[In]
IN, een klemstaartige uitgang, makende het meerv. innen. Men plaatst denzelven achter naamwoorden, die eenen manlijken persoon beteekenen, en vormt hen, daardoor, tot woorden, die eene vrouw aanduiden. Zoo voegt men hem achter naamwoorden, die een manlijk ambt, bedrijf, eene levenswijs, waarde, eenen staat, enz. beteekenen, als: keizerin, koningin, bakkerin, boerin, priesterin, smittin, zangerin, enz.; van keizer, koning, bakker, enz. Zoo worden ook andere naamwoorden, die eenen persoon van het manl. geslacht beteekenen, tot naamw. van het vr. geslacht, als: vijandin, vriendin, enz.

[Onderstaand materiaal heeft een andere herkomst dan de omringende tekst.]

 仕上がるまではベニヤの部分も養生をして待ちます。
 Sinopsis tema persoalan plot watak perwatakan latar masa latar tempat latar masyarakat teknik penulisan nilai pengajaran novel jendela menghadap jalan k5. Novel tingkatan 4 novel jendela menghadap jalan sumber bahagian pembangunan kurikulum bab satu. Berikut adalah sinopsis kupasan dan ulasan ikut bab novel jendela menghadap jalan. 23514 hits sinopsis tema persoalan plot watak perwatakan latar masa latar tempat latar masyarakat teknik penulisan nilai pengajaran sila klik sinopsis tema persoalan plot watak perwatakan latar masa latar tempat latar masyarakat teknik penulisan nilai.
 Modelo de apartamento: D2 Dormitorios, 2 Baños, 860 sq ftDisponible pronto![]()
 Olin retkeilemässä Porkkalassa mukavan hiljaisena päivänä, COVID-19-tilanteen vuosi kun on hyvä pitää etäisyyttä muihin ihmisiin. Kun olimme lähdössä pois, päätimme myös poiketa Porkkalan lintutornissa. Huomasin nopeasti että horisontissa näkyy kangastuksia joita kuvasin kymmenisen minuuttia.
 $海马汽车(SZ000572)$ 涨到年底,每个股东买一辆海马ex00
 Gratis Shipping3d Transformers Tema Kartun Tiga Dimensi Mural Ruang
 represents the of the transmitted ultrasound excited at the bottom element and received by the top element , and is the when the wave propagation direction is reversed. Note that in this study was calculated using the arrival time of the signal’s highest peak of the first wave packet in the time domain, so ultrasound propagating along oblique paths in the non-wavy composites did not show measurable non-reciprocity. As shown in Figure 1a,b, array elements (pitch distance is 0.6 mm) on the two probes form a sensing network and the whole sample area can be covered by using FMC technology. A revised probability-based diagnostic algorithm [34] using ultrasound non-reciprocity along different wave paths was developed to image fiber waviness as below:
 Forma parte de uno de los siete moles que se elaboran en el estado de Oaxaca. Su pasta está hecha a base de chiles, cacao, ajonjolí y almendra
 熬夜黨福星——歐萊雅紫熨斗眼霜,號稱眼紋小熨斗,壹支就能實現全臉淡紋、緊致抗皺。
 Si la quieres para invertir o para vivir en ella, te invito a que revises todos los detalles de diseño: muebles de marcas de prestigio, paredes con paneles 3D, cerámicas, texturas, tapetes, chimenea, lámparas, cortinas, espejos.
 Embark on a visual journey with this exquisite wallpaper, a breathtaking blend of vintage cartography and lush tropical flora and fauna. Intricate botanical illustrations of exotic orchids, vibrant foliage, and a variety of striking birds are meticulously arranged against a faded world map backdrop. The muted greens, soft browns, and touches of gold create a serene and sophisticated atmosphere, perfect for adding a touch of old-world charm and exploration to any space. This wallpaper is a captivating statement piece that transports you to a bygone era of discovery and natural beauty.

Op deze wijs worden de namen van mannetjes, onder de dieren, tot namen van wijfjes, als: ezelin, kameelin, paauwin, wolvin, beerin, enz. De Ouden bezigden doorgaands inne, en schepten in dezen uitgang somtijds behagen, b.v. striderinne, verleyderinne, rechterinne, toverinne, Apostelinne (Maria Magdal.). Zoo vinden wij bij Huig. Adamin, voor Eva - Burgerin, knapin, dienarin, voogdin, heerin, heilandin, minnarin, schenkerin, enz. bij Vond. - Vaderin, (parens) bij Hooft en W. v. Heemsk. Zonder twijfel is deze uitgang het verouderde duitsche voornaamwoord in, hin, d.i. zij. Bij de IJsl. is hin zij. Zie op
hen: eene hen, hinne, het wijfje van eenen haan.